(Extracted records)
########
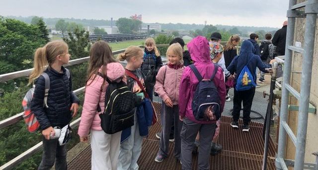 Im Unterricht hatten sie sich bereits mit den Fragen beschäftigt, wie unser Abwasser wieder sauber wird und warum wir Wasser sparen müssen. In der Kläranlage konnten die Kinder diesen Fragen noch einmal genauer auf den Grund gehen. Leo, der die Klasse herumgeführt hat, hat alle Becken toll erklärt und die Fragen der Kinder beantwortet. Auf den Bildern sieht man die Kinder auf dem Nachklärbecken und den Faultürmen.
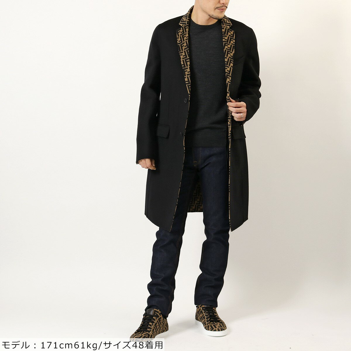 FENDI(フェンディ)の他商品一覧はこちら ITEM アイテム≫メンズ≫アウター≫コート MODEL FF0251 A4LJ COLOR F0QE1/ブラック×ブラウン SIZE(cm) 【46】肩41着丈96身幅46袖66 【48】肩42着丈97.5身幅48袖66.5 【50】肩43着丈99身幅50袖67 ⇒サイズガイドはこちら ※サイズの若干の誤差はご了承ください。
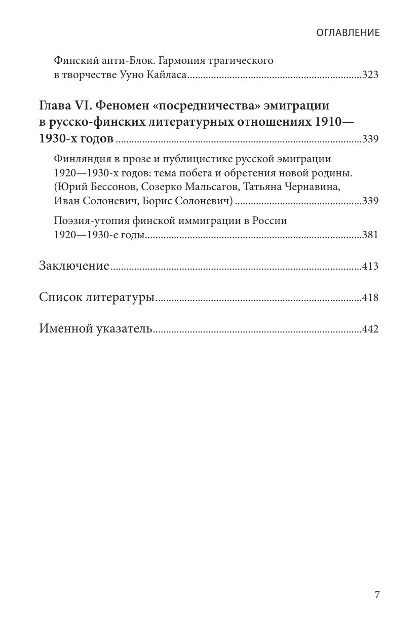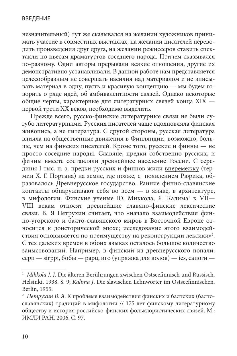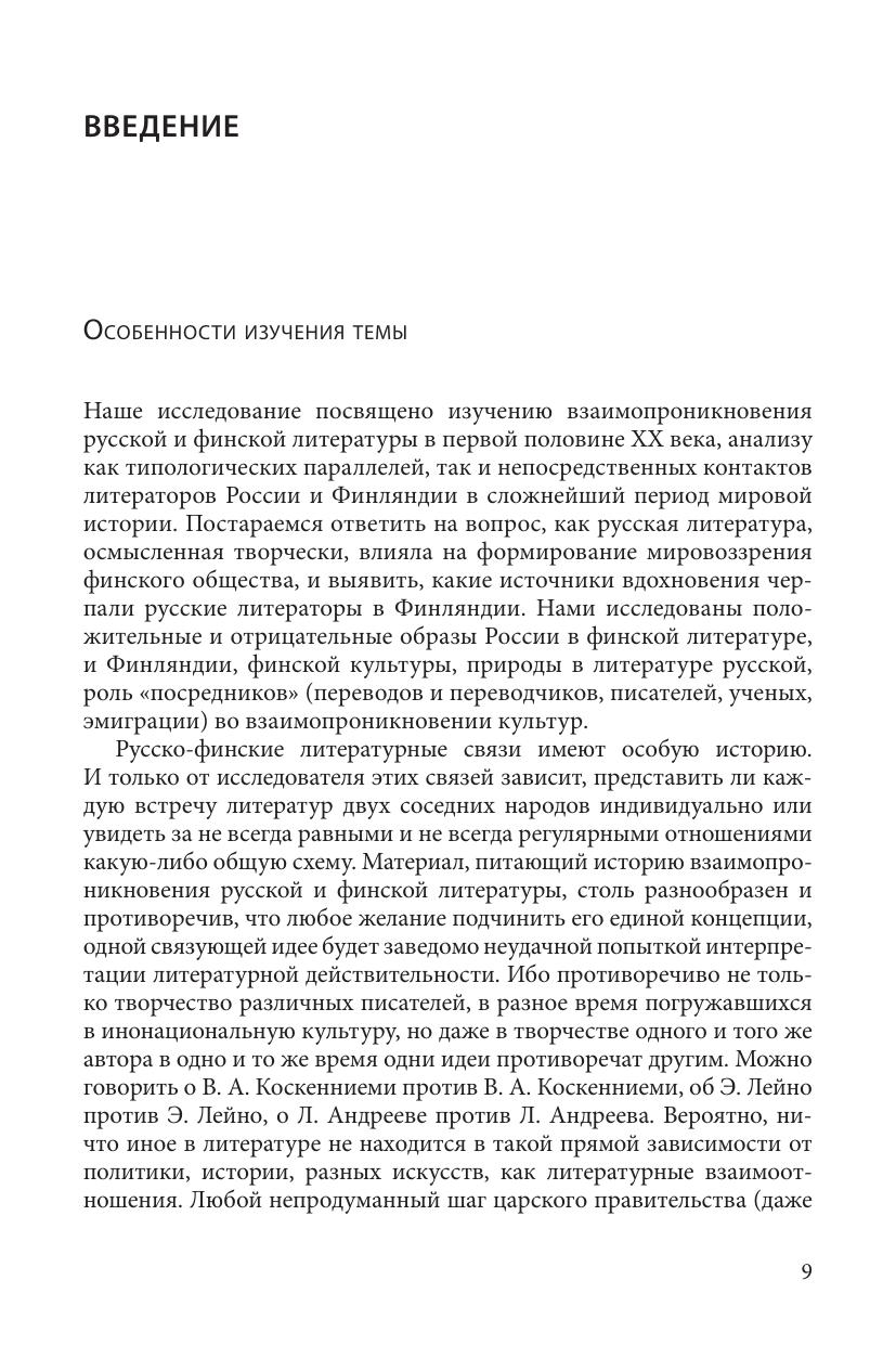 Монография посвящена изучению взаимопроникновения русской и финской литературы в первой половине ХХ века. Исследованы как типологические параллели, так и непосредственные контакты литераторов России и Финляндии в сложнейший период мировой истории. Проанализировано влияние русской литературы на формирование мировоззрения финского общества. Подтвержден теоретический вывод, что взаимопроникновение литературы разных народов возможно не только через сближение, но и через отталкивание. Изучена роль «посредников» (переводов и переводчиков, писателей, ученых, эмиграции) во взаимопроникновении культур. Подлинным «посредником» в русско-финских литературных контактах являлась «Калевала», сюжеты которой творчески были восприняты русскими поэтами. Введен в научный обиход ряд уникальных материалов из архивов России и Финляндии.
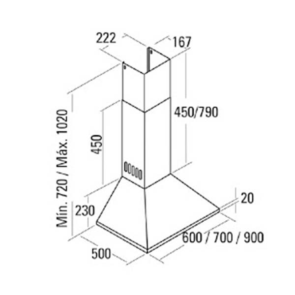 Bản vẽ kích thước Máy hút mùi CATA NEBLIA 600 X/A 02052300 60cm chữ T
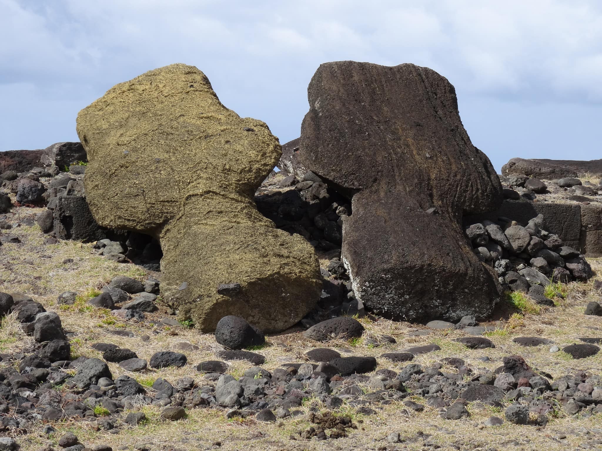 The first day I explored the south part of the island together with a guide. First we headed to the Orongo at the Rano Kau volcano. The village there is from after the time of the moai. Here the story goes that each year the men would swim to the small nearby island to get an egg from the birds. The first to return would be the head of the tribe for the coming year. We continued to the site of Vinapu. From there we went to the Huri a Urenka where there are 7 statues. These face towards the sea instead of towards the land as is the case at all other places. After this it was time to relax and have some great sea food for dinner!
########
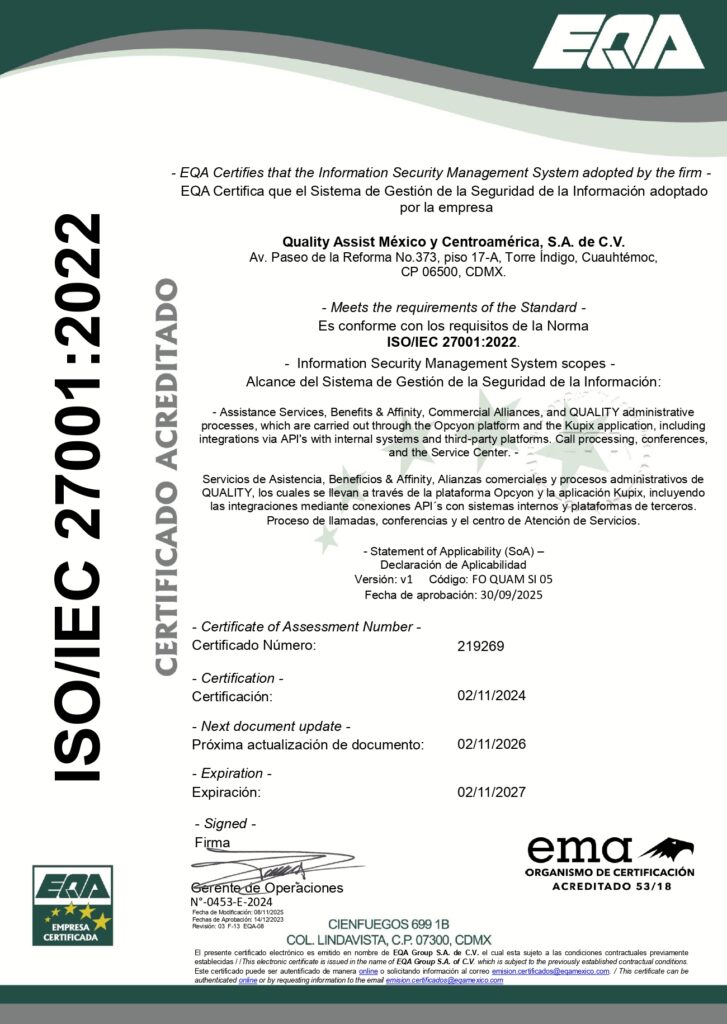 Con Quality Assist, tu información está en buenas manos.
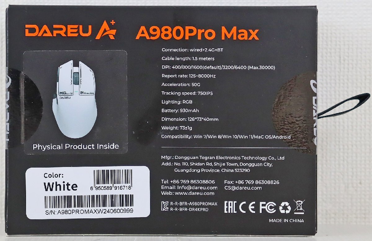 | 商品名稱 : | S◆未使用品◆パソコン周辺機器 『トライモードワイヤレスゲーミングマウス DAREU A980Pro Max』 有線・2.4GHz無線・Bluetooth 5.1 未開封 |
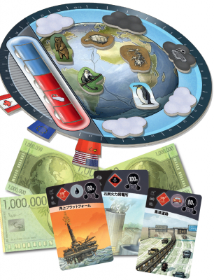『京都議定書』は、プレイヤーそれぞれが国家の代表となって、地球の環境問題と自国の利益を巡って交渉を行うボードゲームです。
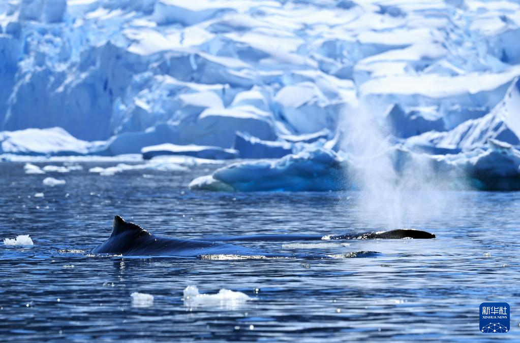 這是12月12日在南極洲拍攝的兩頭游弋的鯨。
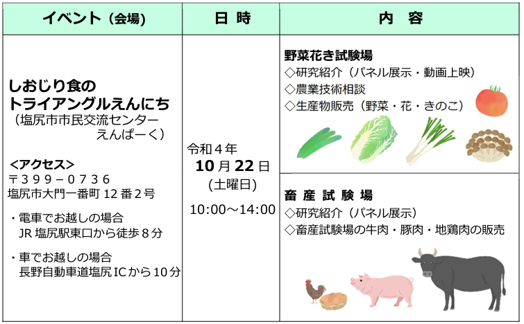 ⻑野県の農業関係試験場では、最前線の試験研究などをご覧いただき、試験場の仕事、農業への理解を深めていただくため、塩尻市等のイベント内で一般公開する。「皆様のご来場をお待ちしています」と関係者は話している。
########
EXERCISE DESCRIPTION: Look above for the line with "Im Unterricht hatten" and the line with "FENDI(フェンディ)の他商品一覧はこちら ITEM アイテム≫メンズ≫アウター≫コート", then copy them and all lines in between exactly as written, and only those, without any pictures.

SOLUTION FOR THIS PROBLEM:
 Im Unterricht hatten sie sich bereits mit den Fragen beschäftigt, wie unser Abwasser wieder sauber wird und warum wir Wasser sparen müssen. In der Kläranlage konnten die Kinder diesen Fragen noch einmal genauer auf den Grund gehen. Leo, der die Klasse herumgeführt hat, hat alle Becken toll erklärt und die Fragen der Kinder beantwortet. Auf den Bildern sieht man die Kinder auf dem Nachklärbecken und den Faultürmen.
 FENDI(フェンディ)の他商品一覧はこちら ITEM アイテム≫メンズ≫アウター≫コート MODEL FF0251 A4LJ COLOR F0QE1/ブラック×ブラウン SIZE(cm) 【46】肩41着丈96身幅46袖66 【48】肩42着丈97.5身幅48袖66.5 【50】肩43着丈99身幅50袖67 ⇒サイズガイドはこちら ※サイズの若干の誤差はご了承ください。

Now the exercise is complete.